Ein deutsches Ehepaar unternimmt gemeinsam eine Kreuzfahrt. An Bord feiert die Frau ihren 67-jährigen Geburtstag. Am nächsten Tag will das Paar bei einem Landbesuch die griechische Insel Santorin erkunden. Doch dort kommt es zur Tragödie.

Touristen reiten auf der griechischen Insel Santorin auf Eseln

Das Eselreiten ist eine beliebte Touristenattraktion auf der Insel

Einen Tag zuvor feierte sie noch ihren 67-jährigen Geburtstag auf einem Kreuzfahrtschiff. Jetzt ist die deutsche Urlauberin tot. Wie der "Greekreporter" berichtet, wurde eine deutsche Touristin auf der griechischen Insel Santorin von einem Esel totgetrampelt.

Die Tragödie passierte beim Landgang: Das Schiff ankerte im alten Hafen der Stadt Fira. Das Ehepaar erkundete gemeinsam mit zwei Freunden die idyllische Umgebung. Für Touristen stehen auf der Insel Esel bereit, die sie die steilen Straßen hinauftragen.

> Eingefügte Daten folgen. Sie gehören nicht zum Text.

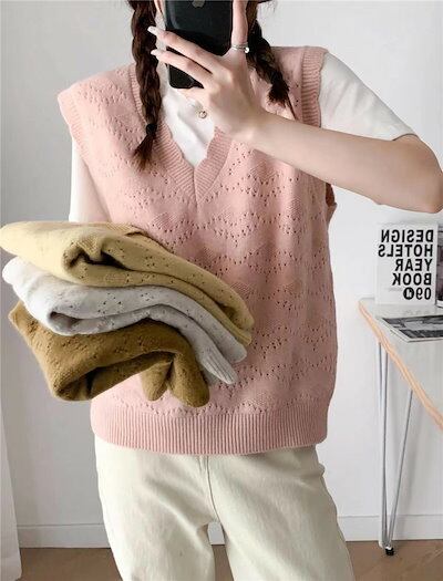 ニットベスト レディース 春 秋 ニット ベスト ノースリーブ Vネック 透かし トップス プルオーバー 重ね着 レイヤード コーデ セーター 無地 ゆったり カジュアル ニットセーター シンプル ア

Laut dem Bericht soll sich eines der Tiere plötzlich von seinem Besitzer losgerissen und auf die Frau zugerannt sein. Die Frau stürzte zu Boden und der Esel trampelte auf ihr herum, während der Besitzer verzweifelt versuchte, das Tier zu bändigen. Der Ehemann der Touristin musste alles mit ansehen.

Polizeibeamte begleiteten den unter Schock stehenden Mann später zurück auf das Schiff. Er soll dabei den Schmuck und die Uhr seiner Frau in den Händen gehalten haben.

Gegen den Besitzer des Esels ermittelt jetzt die Polizei.

Tierschützer raten vom Esel-Reiten ab

Auf der Insel ist das Reiten auf Eseln bei Touristen sehr beliebt. Laut "MyGreecetravelblog" raten jedoch Tierschützer und auch einige Reiseveranstalter von den sogenannten  Esel-Taxen ab, da die Tiere unter schlechten Bedingungen arbeiten müssen und von ihren Besitzern oft misshandelt werden.

Etwa 360 Esel sollen täglich auf der Insel von Sonnenauf- bis Sonnenuntergang für die Touristen zur Verfügung stehen, um sie für fünf Euro die rund 600 Stufen vom Hafen in die kleine Stadt zu bringen. Oft werden die Tiere dabei mit Stöcken angetrieben, tragen schlecht sitzendes Geschirr und bekommen nur unzureichend Futter und Wasser. Touristen sollten daher besser zu Fuß gehen oder die Seilbahn nutzen.